**Your goal**. Repeat everything from the first line of the listing below through the line that contains "HDMIBeide, Raider 18", exactly. Leave out pictures.

———

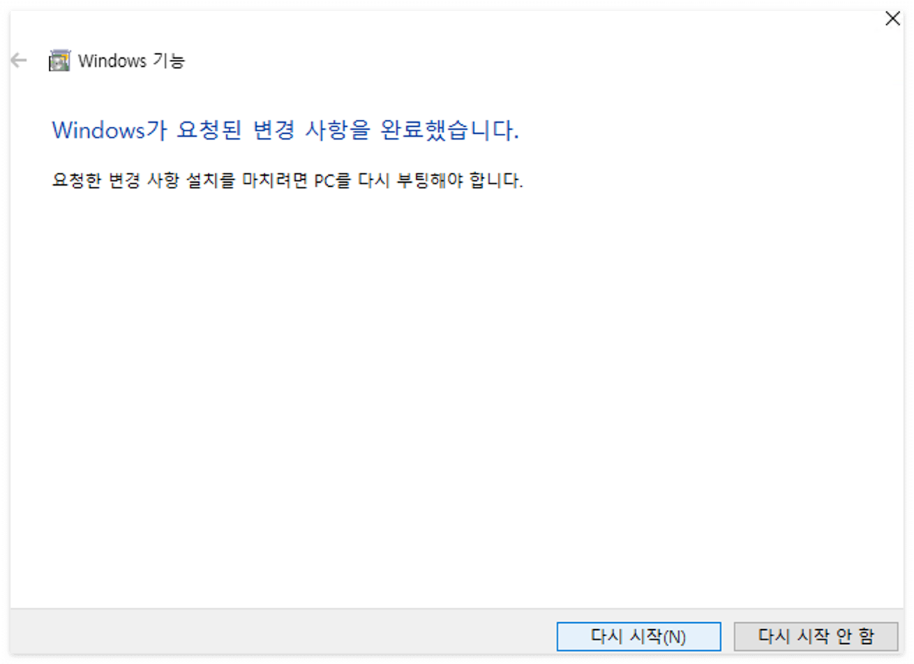 설치가 진행되고 마지막에 "다시 시작" 선택
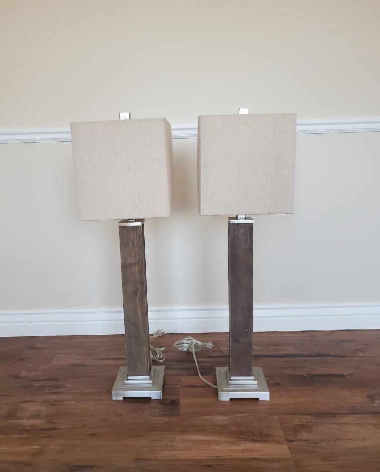 Solid wood base finished in an aged gray wash accented with brushed nickel plated details. The square hardback shade is a taupe-beige fabric with natural slubbing
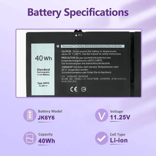 LONG-LASTING BATTERY LIFE: With 11.25V capacity (40Wh/3550mAh), the (JK6Y6) battery ensures all-day power for your laptops in a factory-fresh, never-used battery pack designed for maximum performance.
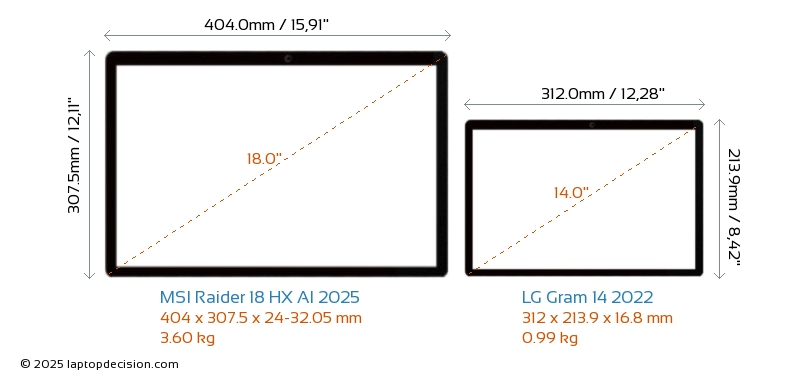 HDMIBeide, Raider 18 HX AI 2025 und Gram 14 2022, verfügen über einen HDMI-Port. Raider 18 HX AI 2025 bietet 1x HDMI 2.1, während Gram 14 2022 1x HDMI 2.0 bietet.
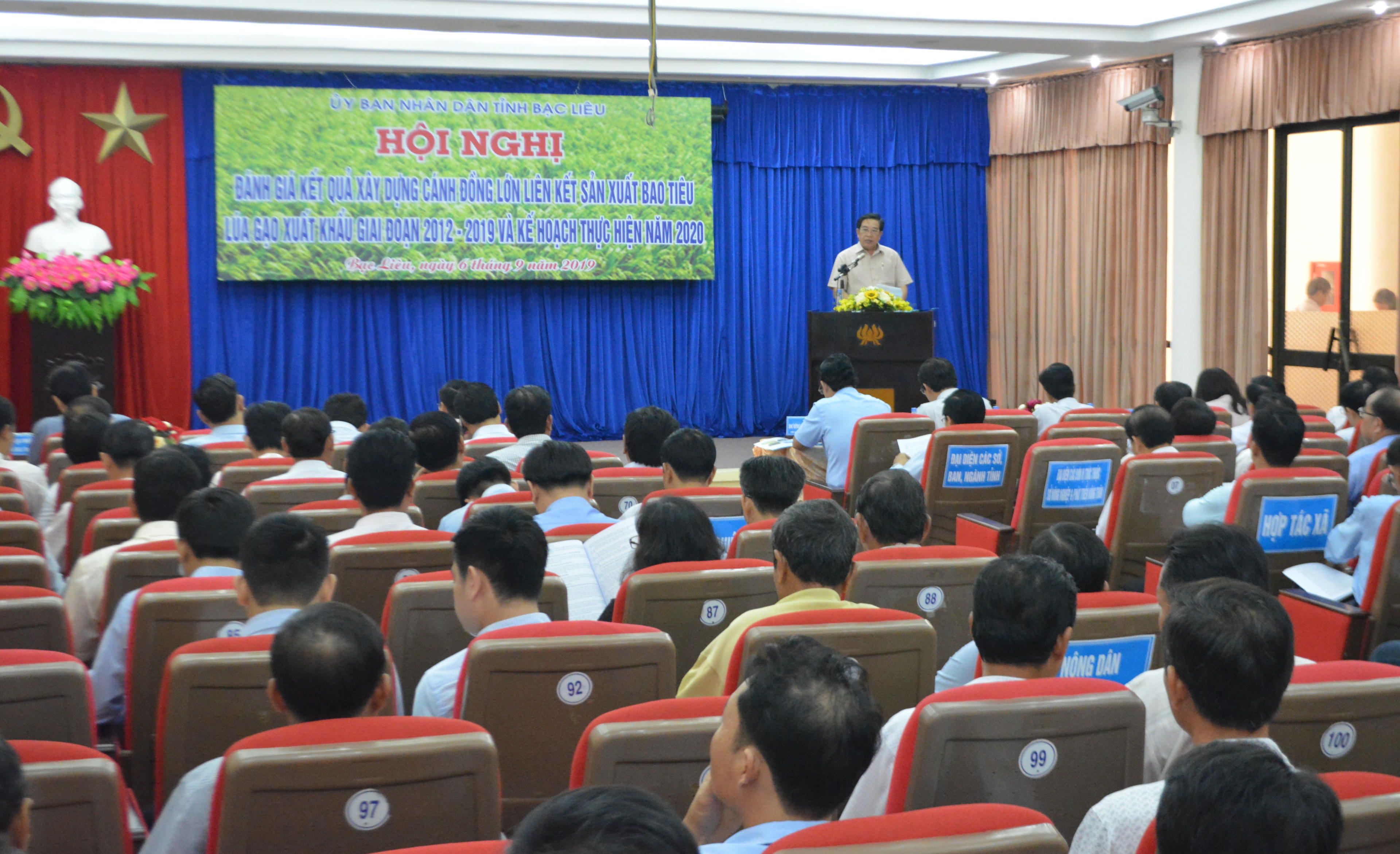 Theo báo cáo, từ năm 2012 - 2019, toàn tỉnh Bạc Liêu đã xây dựng được 26 cánh đồng lớn có doanh nghiệp bao tiêu sản phẩm, với diện tích gieo trồng 50.000 ha, sản xuất 2 - 3 vụ/năm. Việc xây dựng cánh đồng lớn LKSX bao tiêu lúa gạo xuất khẩu gắn với HTX, ô đê bao khép kín và sản xuất lúa giống bước đầu đạt được những kết quả tích cực.

———

**Answer space**.
 설치가 진행되고 마지막에 "다시 시작" 선택
 Solid wood base finished in an aged gray wash accented with brushed nickel plated details. The square hardback shade is a taupe-beige fabric with natural slubbing
 LONG-LASTING BATTERY LIFE: With 11.25V capacity (40Wh/3550mAh), the (JK6Y6) battery ensures all-day power for your laptops in a factory-fresh, never-used battery pack designed for maximum performance.
 HDMIBeide, Raider 18 HX AI 2025 und Gram 14 2022, verfügen über einen HDMI-Port. Raider 18 HX AI 2025 bietet 1x HDMI 2.1, während Gram 14 2022 1x HDMI 2.0 bietet.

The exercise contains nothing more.